* _DESCRIPTION OF THE TASK_
Exactly as written, print out each entry in the data, with no pictures.

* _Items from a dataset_

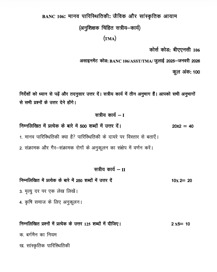 ✨ IGNOU BANC–106 (July 2025 – June 2026) – Solved Assignment
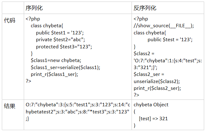 为了能够unserialize()一个对象,这个对象的类必须已经定义过。如果序列化类A的一个对象,将会返回一个跟类A相关,而且包含了对象所有变量值的字符串。如果要想在另外一个文件中解序列化一个对象,这个对象的类必须在解序列化之前定义,可以通过包含一个该类的文件或使用函数spl_autoload_register()来实现。
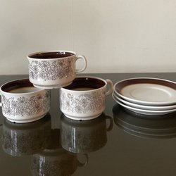 Retro TEKOPPAR med fat, 6 delar, porslin, Gefle + KAFFEKOPPAR med fat
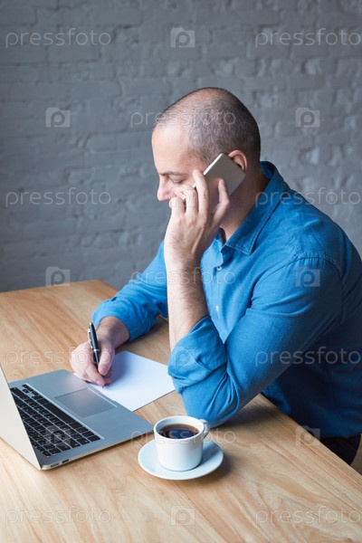 Красивый красивый зрелый мужчина пишет на листе бумаги и разговаривает по мобильному телефону, сидит за компьютером, ноутбуком. Мужчина в повседневной одежде в синей рубашке за столом в офисе перед окном
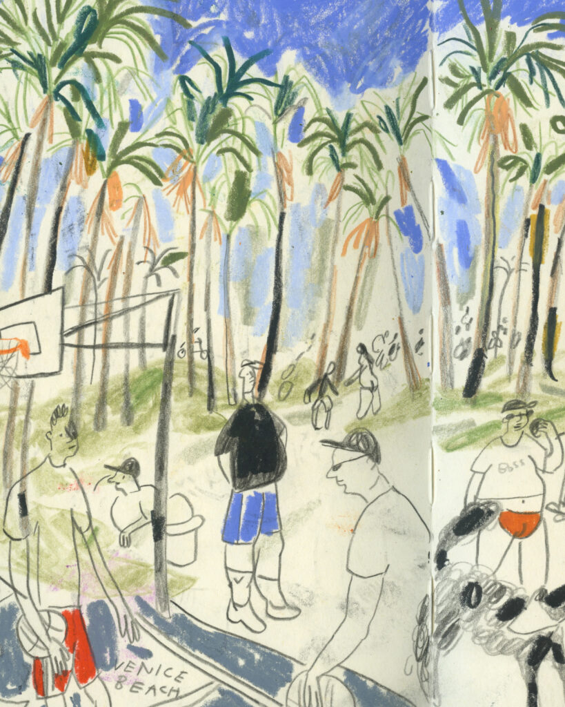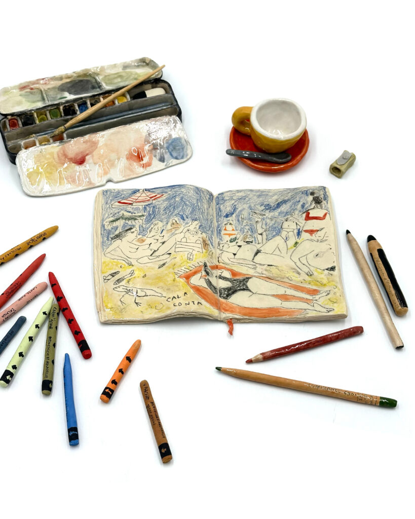 L’exposition chez Tandemm dévoile un voyage à travers ses carnets, où le dessin-reportage devient trace et mémoire. Depuis l’enfance, le croquis accompagne l’artiste, de l’illustration à la céramique, jusqu’à la toile. En voyage, son carnet devient journal visuel : il capte l’instant, nourrit l’imaginaire et fait naître d’autres formes, entre souvenir et création. Son processus débute souvent par des croquis réalisés sur le vif, des gestes d’observation subtils qui se transforment ensuite en compositions intuitives.
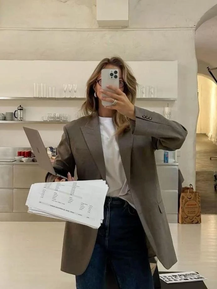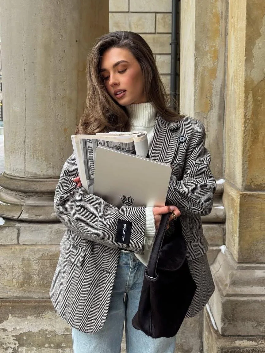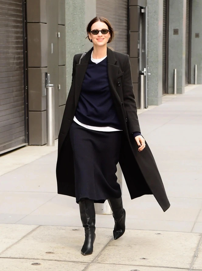 Сместите оттенок на полтона темнее: не бежевый, а табачный, не синий, а цвет ночного неба, не черный, а графит. Добавьте игру фактур: замша + кожа, шерсть + шелк. Или один акцент, например, сумка цвета мокрого асфальта.
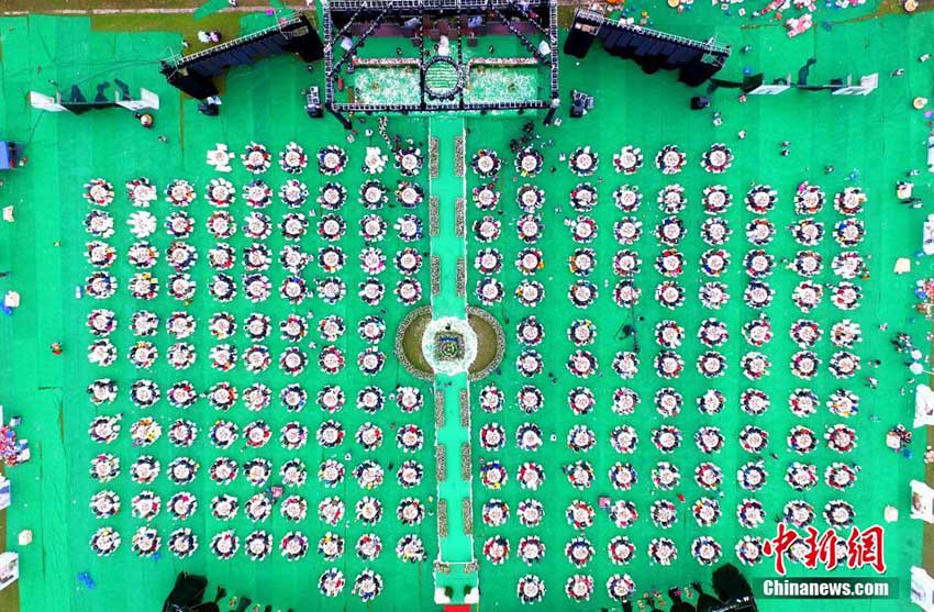 四川省成都市雙流區(qū)のグリーンツーリズムの村で、2人の新婚カップルが挙式を行ない、披露宴會場では2000人以上の親戚や友人が新たな門出を祝った。中國新聞網(wǎng)が伝えた。(編集JK)

* _EXERCISE OUTPUT_
 ✨ IGNOU BANC–106 (July 2025 – June 2026) – Solved Assignment
 为了能够unserialize()一个对象,这个对象的类必须已经定义过。如果序列化类A的一个对象,将会返回一个跟类A相关,而且包含了对象所有变量值的字符串。如果要想在另外一个文件中解序列化一个对象,这个对象的类必须在解序列化之前定义,可以通过包含一个该类的文件或使用函数spl_autoload_register()来实现。
 Retro TEKOPPAR med fat, 6 delar, porslin, Gefle + KAFFEKOPPAR med fat
 Красивый красивый зрелый мужчина пишет на листе бумаги и разговаривает по мобильному телефону, сидит за компьютером, ноутбуком. Мужчина в повседневной одежде в синей рубашке за столом в офисе перед окном
 L’exposition chez Tandemm dévoile un voyage à travers ses carnets, où le dessin-reportage devient trace et mémoire. Depuis l’enfance, le croquis accompagne l’artiste, de l’illustration à la céramique, jusqu’à la toile. En voyage, son carnet devient journal visuel : il capte l’instant, nourrit l’imaginaire et fait naître d’autres formes, entre souvenir et création. Son processus débute souvent par des croquis réalisés sur le vif, des gestes d’observation subtils qui se transforment ensuite en compositions intuitives.
 Сместите оттенок на полтона темнее: не бежевый, а табачный, не синий, а цвет ночного неба, не черный, а графит. Добавьте игру фактур: замша + кожа, шерсть + шелк. Или один акцент, например, сумка цвета мокрого асфальта.
 四川省成都市雙流區(qū)のグリーンツーリズムの村で、2人の新婚カップルが挙式を行ない、披露宴會場では2000人以上の親戚や友人が新たな門出を祝った。中國新聞網(wǎng)が伝えた。(編集JK)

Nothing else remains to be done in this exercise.